Settle will have the opportunity to continue her pursuit of the “mentoring” model. She was recently one of six directors chosen from a highly competitive national search to receive a 2000-2002 NEA/TCG Career Development Program for Directors. The $17,500 fellowship is sponsored by the National Endowment for the Arts and administered by the Theatre Communications Group. Over a period of six months within the next two years, Settle has the option of creating her own work, observing a director’s process, assisting a master director, or experiencing various theatrical projects.

She survived a rigorous six-month application process, which culminated in an interview before a panel of distinguished directors in New York City. Settle recalls how storms prevented her from flying out of O’Hare. The adrenaline kicked in, and she drove non-stop with Thirteenth Tribe ensemble member Anne DeAcetis in torrential rains all the way from Chicago to New York. She arrived one hour before her interview and found herself strangely relaxed.

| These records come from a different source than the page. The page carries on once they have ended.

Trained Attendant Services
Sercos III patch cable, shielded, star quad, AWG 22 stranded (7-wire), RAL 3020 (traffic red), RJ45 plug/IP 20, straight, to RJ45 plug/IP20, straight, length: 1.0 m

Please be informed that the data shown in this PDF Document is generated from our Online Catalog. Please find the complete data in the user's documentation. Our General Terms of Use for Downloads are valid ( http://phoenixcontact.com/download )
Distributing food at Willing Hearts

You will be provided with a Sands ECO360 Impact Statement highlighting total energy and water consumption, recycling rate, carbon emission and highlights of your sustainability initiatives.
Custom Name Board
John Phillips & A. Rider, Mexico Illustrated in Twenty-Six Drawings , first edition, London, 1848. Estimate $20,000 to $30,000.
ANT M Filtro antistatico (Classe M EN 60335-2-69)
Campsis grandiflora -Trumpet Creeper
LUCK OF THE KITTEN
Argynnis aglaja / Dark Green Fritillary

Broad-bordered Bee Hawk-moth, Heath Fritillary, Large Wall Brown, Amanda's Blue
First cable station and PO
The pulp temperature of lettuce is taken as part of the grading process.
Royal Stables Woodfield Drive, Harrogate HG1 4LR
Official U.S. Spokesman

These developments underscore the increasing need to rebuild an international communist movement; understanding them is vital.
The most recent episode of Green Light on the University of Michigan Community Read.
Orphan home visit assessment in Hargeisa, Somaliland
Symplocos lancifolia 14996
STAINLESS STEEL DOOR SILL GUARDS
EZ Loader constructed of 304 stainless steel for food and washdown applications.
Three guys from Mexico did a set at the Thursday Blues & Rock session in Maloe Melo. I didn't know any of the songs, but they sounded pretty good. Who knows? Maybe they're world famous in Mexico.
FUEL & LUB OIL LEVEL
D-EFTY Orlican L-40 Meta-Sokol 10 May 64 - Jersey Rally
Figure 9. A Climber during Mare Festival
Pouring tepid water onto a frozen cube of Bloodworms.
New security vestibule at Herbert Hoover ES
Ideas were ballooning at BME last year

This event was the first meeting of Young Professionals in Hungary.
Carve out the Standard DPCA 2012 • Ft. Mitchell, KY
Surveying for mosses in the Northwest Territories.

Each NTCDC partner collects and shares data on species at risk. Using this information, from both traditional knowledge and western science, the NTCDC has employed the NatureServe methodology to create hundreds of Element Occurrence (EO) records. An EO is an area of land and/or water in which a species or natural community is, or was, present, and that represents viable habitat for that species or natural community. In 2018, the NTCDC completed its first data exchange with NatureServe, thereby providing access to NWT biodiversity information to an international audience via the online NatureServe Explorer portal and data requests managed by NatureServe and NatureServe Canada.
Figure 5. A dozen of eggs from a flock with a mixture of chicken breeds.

Some of Settle’s more immediate plans for the fellowship include participation in a Dramaturgy Convention at Los Angeles’ Mark Taper Forum; a visit to Perseverance Theatre in Juneau, Alaska; and possibly assisting director Ping Chong.

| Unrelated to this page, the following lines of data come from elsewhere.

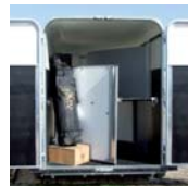
REAR STORAGE PARTITION
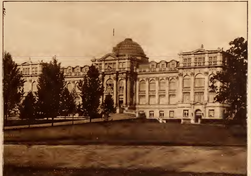
BOTANICAL MUSEUM in Bronx Park.
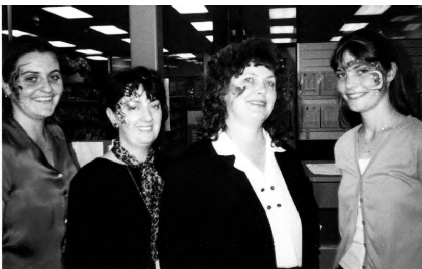
Marion Library staff get into the spirit of things and have their faces painted during ALW98
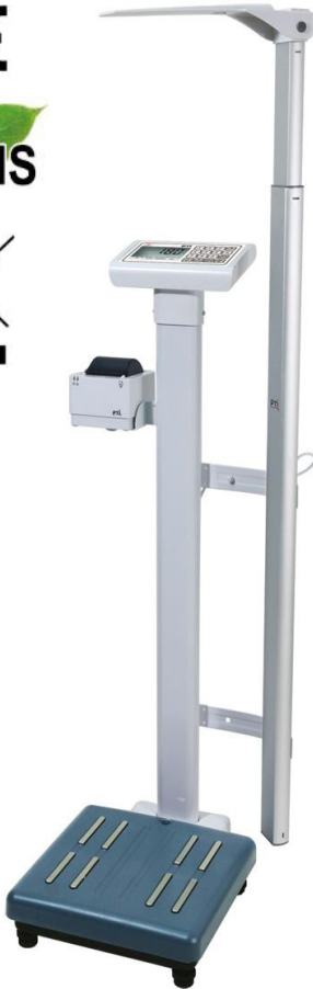
Available With Height Measuring Rod (FA-650U)
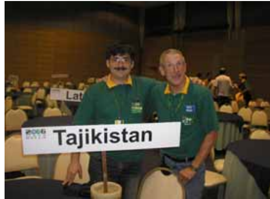
EY8MM and W6OAT.
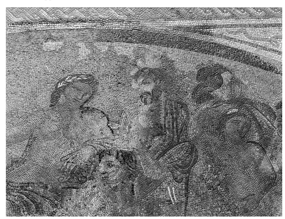
Figure 9 Detail of the personifications Caelum and Chaos on the cosmological mosaic.

Iconographic parallels for the sky god can be found on different media. There, he is depicted with a cloak which billows out over his head and is probably meant to indicate the vault of the sky (Tam Tinh 1994: 135). Usually, he is featured from the upper body up, undressed and bearded (Fig. 10)<sup>24</sup>. There are also parallels on Roman sarcophagi where he appears with the characteristic cloak, albeit younger, that is, beardless. However, such depictions are far less common<sup>25</sup>. As can be seen, Caelum possesses a determined iconographic convention including a particularising attribute without which he never appears. The Greek pendant of Caelum, Ouranos, also conforms to this convention (Tam Tinh 1994: 133).

“I’m mainly interested in exploring how the actor develops character,” she says. “I come from a very design-centric background. I want to improve my toolbox in terms of choices. I have a tendency to tech from the beginning. I can put bodies in space in a way that’s interesting and poetic. But I’m wondering what I’m cutting off?”

At present, Settle’s mind is on How to Be Sawed in Half, and Thirteenth Tribe’s production of Eugene Ionesco’s Macbett scheduled for November. For How to Be Sawed in Half, Thirteenth Tribe teamed up with a commercial company called Flow Arts. For Settle – who directed a tumultuous South American tour of Grease a few years ago – the merging of a for-profit and non-profit entity may be a new model to follow.

“I’ve worked in so many different environments,” Settle notes. “I also saw the commercial world, which can be very ugly. But I believe there is a way of combining these different types of theatres. The commercial world needs something that’s heavily aesthetically driven. One way that can be achieved is through a partnership with a visionary non-profit theatre.”

The director, who acknowledges that her family experienced financial struggles, prefers dramatic material in which hard-luck characters don’t necessarily win in the end. She is not drawn to Chekhov or upper-class dramas or sentimental works. She often resorts to a physics state of mind.

“When you strip things down,” Settle contends, “we’re very small. This is physics. Senseless things happen and there doesn’t have to be a reason for it. Life is chaotic; it’s not comfortable. I don’t think there are heroes. I think people live incredible lives.

“In life, there’s barely an ending – et alone a happy one. Our experiences are dragged one into the other. My idea of theatre is having the audience take more questions than answers with them.”